Потускневший белый бинт на моей руке бросался в глаза на фоне чёрной одежды. Глаза неотрывно смотрели в чужие, но когда-то очень знакомые глаза, теперь запечатлённые лишь на фотографии.
Сегодня каждый из нас, каждый солдат посетил кладбище, где прошли похороны наших товарищей, братьев по оружию и просто друзей. Тех, кто плечом к плечу вместе с нами боролся за справедливость. Сегодня прошли похороны тех, кто отдал свои жизни в обмен на спокойствие и мирное небо над головой жителей чужой страны. В этот день на этом мрачном и сером месте, которому соответствовала и сама погода, необычно пасмурная для лета, не было лишь тех, кто не мог присутствовать из-за серьёзных ранений.
Правда, и Минхо тоже не было. Мне никто ничего не говорил и никаких подробностей тем более не рассказывал. Возможно, потому, что многие, если не все наши сослуживцы, уже заметили непростые отношения между нами. Однако мне удалось подслушать разговор некоторых молодых бойцов, кто так беспечно обсуждал эту ситуацию. И из этого разговора мне удалось узнать, что Минхо сейчас в госпитале. Для чего он там, я не знаю, могу лишь догадываться.
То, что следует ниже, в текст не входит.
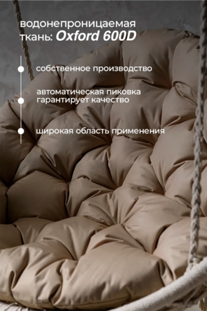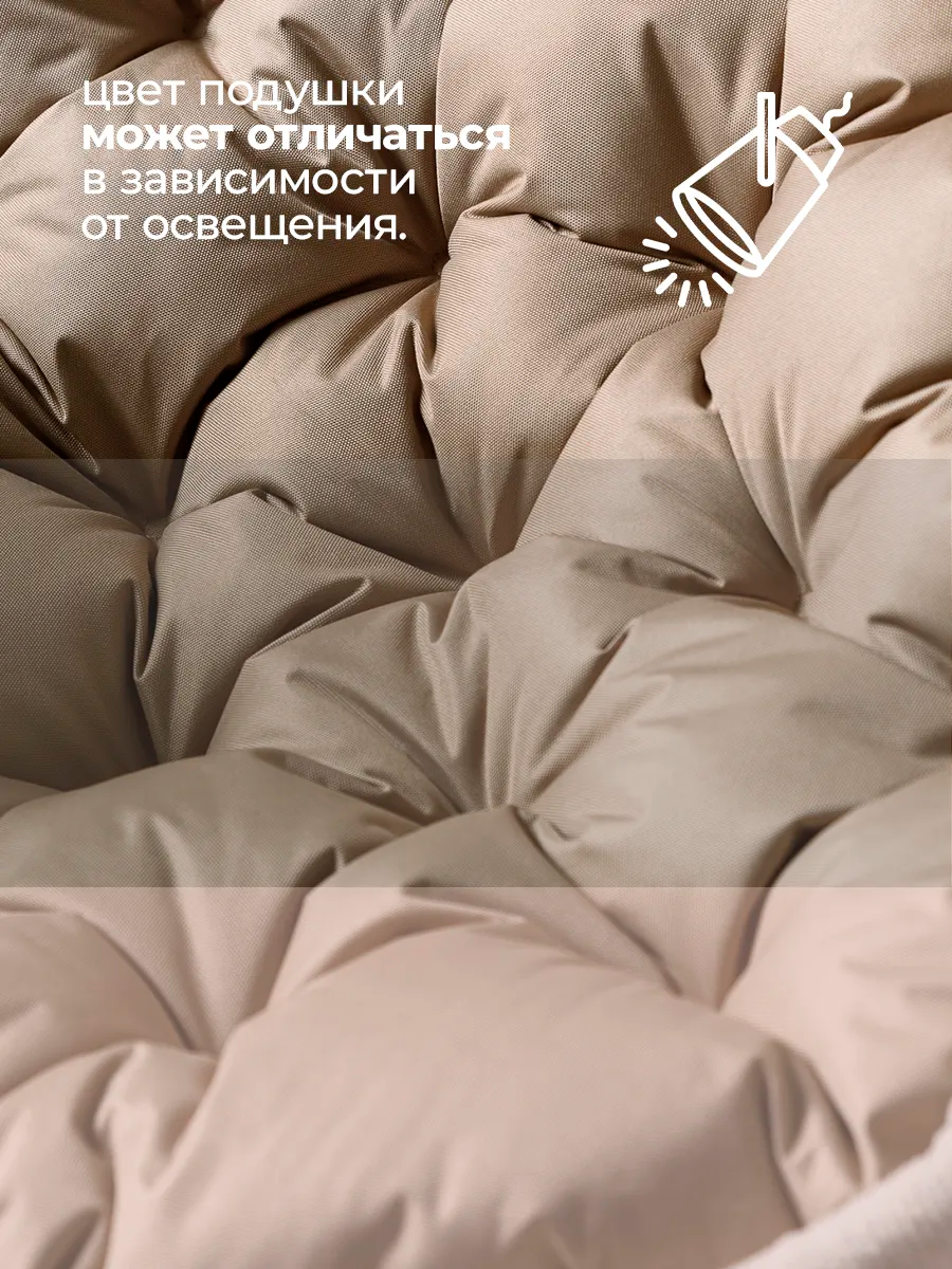 Благодаря универсальному размеру изделие подходит для большинства моделей кресел-коконов, гамаков, ротанговых сидений и качелей-гнёзд. Подушка удобно заполняет сиденье и обеспечивает приятную мягкость во время отдыха.

Прикрыв глаза и попытавшись сглотнуть, я ощутила неприятную сухость во рту. Мне нужно это сделать, иначе я буду изводить себя днями и ночами, а потом жалеть об этом.
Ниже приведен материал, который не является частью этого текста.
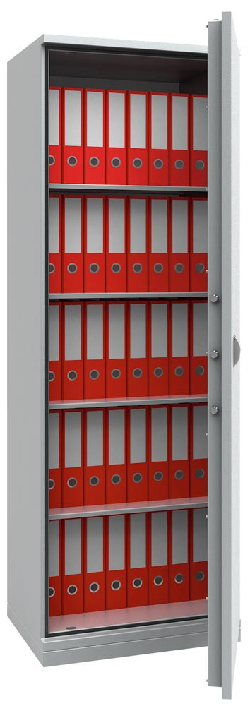 Feuergeschützter Büroschrank, BxTxH 670x500x1950 mm, 1 Tür, 4 Böden, Kapazität 40 Ordner, RAL 7035 lichtgrau

Мои ноги делали неуверенные шаги по влажной от небольшого моросящего дождика земле. Каждый шаг приближал меня к моему кошмару и горю. Руки яростно сжимали охапку гвоздик и новый, всё ещё запакованный комикс. Он так хотел прочитать его, как только вернётся домой. Даже сделал заказ заранее, чтобы потом лишь забрать его с почты. Но не смог. И уже никогда не сможет.
Последний шаг, и все посторонние звуки, кроме непрекращающегося тоскливого дождя, исчезли.
Пересиливая себя, я медленно подняла глаза, которые сразу наткнулись на имя самого дорогого и любимого мною человека.
Человека, которого я должна была защищать.
Нет, которого я поклялась защищать.
Ян Чонин — имя, отдававшееся болью в груди, в том месте, где должно быть сердце, но остались разодранные истерзанные ошмётки.
Ноги больше не держали. Тихо, словно не смея нарушить печальное спокойствие кладбища, я рухнула на колени, упираясь ими в грязь. Не было больше никаких чувств, их притупляла боль, от которой мне не избавиться до конца моих дней.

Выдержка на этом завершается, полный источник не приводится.